What to do:
Write out exactly the lines below from the one containing "In a parallel" to the last, both ends kept, and nothing more; skip all pictures.

=== Available data ===

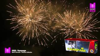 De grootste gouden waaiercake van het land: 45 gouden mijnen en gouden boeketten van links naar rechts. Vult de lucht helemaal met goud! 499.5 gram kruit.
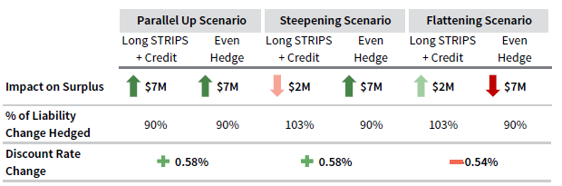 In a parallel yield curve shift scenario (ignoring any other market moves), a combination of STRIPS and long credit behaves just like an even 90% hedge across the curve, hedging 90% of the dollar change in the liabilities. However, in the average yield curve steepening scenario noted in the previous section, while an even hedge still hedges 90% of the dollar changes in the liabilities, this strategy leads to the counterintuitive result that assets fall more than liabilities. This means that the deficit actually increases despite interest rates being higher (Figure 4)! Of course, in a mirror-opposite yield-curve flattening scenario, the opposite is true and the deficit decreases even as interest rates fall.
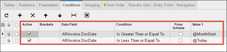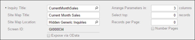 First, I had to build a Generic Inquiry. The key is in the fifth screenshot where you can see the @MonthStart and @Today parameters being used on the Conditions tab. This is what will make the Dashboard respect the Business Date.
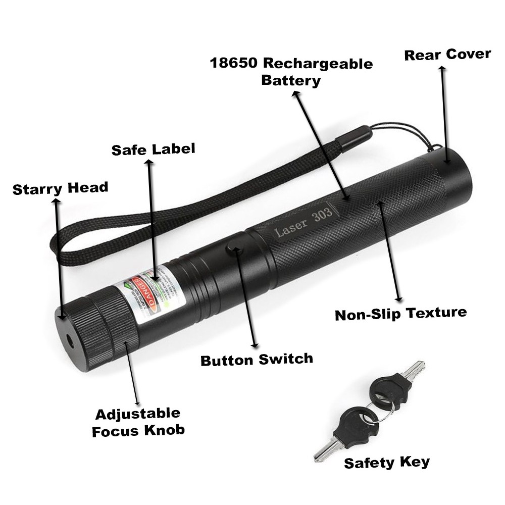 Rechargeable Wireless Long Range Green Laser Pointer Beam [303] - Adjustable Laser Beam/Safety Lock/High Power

===

Task result:
 In a parallel yield curve shift scenario (ignoring any other market moves), a combination of STRIPS and long credit behaves just like an even 90% hedge across the curve, hedging 90% of the dollar change in the liabilities. However, in the average yield curve steepening scenario noted in the previous section, while an even hedge still hedges 90% of the dollar changes in the liabilities, this strategy leads to the counterintuitive result that assets fall more than liabilities. This means that the deficit actually increases despite interest rates being higher (Figure 4)! Of course, in a mirror-opposite yield-curve flattening scenario, the opposite is true and the deficit decreases even as interest rates fall.
 First, I had to build a Generic Inquiry. The key is in the fifth screenshot where you can see the @MonthStart and @Today parameters being used on the Conditions tab. This is what will make the Dashboard respect the Business Date.
 Rechargeable Wireless Long Range Green Laser Pointer Beam [303] - Adjustable Laser Beam/Safety Lock/High Power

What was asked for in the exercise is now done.